2.5 Western blot analysis

All samples were treated in a RIPA lysis buffer to collect total protein, which was then separated by 10% SDS-PAGE gel and transferred onto a nitrocellulose membrane. After being probed sequentially with primary anti-EYA3 antibodies (1:5000, ab95876, Abcam, Cambridge, MA) and HRP-conjugated secondary antibodies (1:5000, ab6789, Abcam, Cambridge, MA), the protein blots were visualized by using a chemiluminescence reagent to quantify EYA3 expression with ImageJ v1.4.9 software.

2.6 Statistical analysis

Data were shown as Mean ± SD. Comparisons among multiple groups were done using one-way ANOVA and Tukey's test as post hoc test in SPSS 19.0 (IBM, Chicago, IL) software. P values of ≤ 0.05 were taken into consideration as statistically significant.

3 RESULTS

3.1 Basic patient characteristics

We compared the basic and clinical characteristics among the three groups of 1. PAH(-)RVH(-) (N = 52); 2. PAH(+)RVH(-) (N = 42); and 3. PAH(+)RVH(+) (N = 38), including their age, sex, BMI, 6MWD, mPAP, CO, PVR, RVEF, PCWP, RAP, HR and NT-proBNP. We found no inter-group difference in age, sex and BMI. Besides, no remarkable difference was found between PAH(-)RVH(-) and PAH(+)RVH(-) patients in terms of 6MWD, CO and PCWP. However, the mPAP, PVR, RAP, HR and NT-proBNP were elevated in PAH(+)RVH(-) patients than in PAH(-)RVH(-) patients, whereas the RVEF was apparently lower in PAH(+)RVH(-) patients when compared with PAH(-)RVH(-) patients. Moreover, we found no apparent difference between PAH(+)RVH(-) and PAH(+)RVH(+) patients in terms of basic characteristics and most of the clinical characteristics except that CO and RVEF were obviously higher in PAH(+)RVH(-) patients when compared with PAH(+)RVH(+) patients.

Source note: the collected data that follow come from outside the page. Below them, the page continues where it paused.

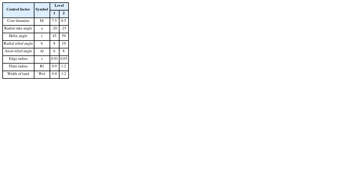 Table 1End mill shape value used for analysis
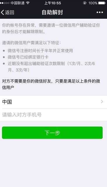 3、微信号6个月内没有为超过2位微信号做过辅助,1年内只能做三次解封。
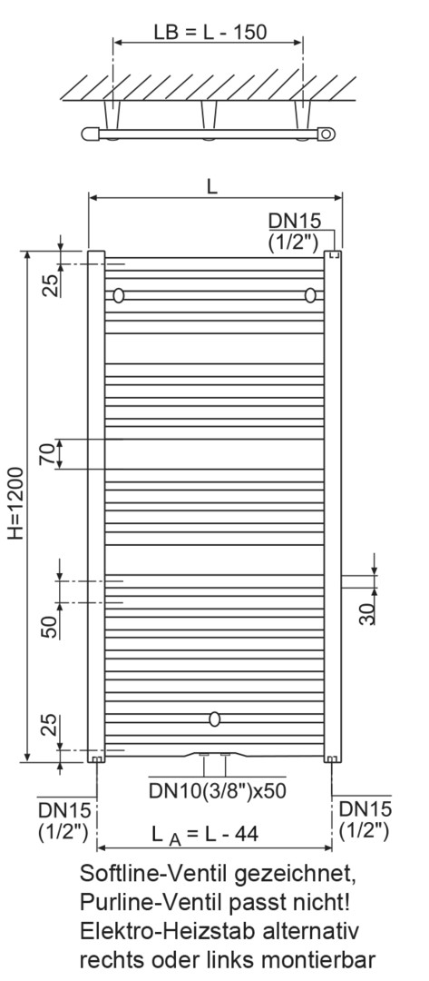 Wandabstand 55 - 70 mm, ohne Heizstab, für rein elektrisch Betrieb
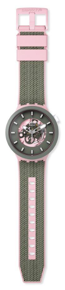 Cassa in Materiale di origine biologica di colore Rosa e di forma Rotonda -Cinturino in SILICONE di colore Rosa con tessuto grigio scuro
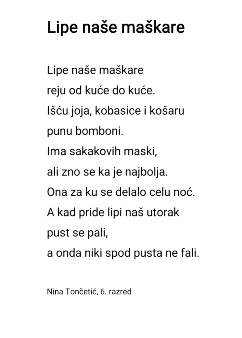 Zavičajna nastava: proglašeni pobjednici školskog natječaja povodom maškara – Tko su najbolji fotografi i pjesnici naše škole?

3.2 The expression of circRNA-0068481, miR-646 and miR-570 showed a considerable capability to diagnose RVH in PAH patients

qPCR was done to analyse circRNA-00684815, miR-646, miR-570 and miR-885 expression in patients in the three groups. CircRNA-00684815 expression was remarkably increased in PAH(+)RVH(+) patients when compared with PAH(-)RVH(-) and PAH(+)RVH(-) patients (Figure 1A), but miR-646 (Figure 1B) and miR-570 (Figure 1C) expression was notably suppressed in PAH(+)RVH(+) patients when compared with PAH(-)RVH(-) and PAH(+)RVH(-) patients. No obvious difference in miR-885 expression was found among the PAH(+)RVH(+), PAH(-)RVH(-) and PAH(+)RVH(-) patients (Figure 1D). Moreover, we did the ROC analysis to evaluate the value of circRNA-0068481, miR-646, miR-570 and miR-885 in predicting the RVH of PAH patients. The AUCs for circRNA-0068481 (Figure 1E), miR-646 (Figure 1F), miR-570 (Figure 1G) and miR-885 (Figure 1H) were 0.96, 0.82, 0.78 and 0.58, respectively. These results indicated that circRNA-0068481, miR-646 and miR-570 were capable to diagnose the RVH of PAH patients.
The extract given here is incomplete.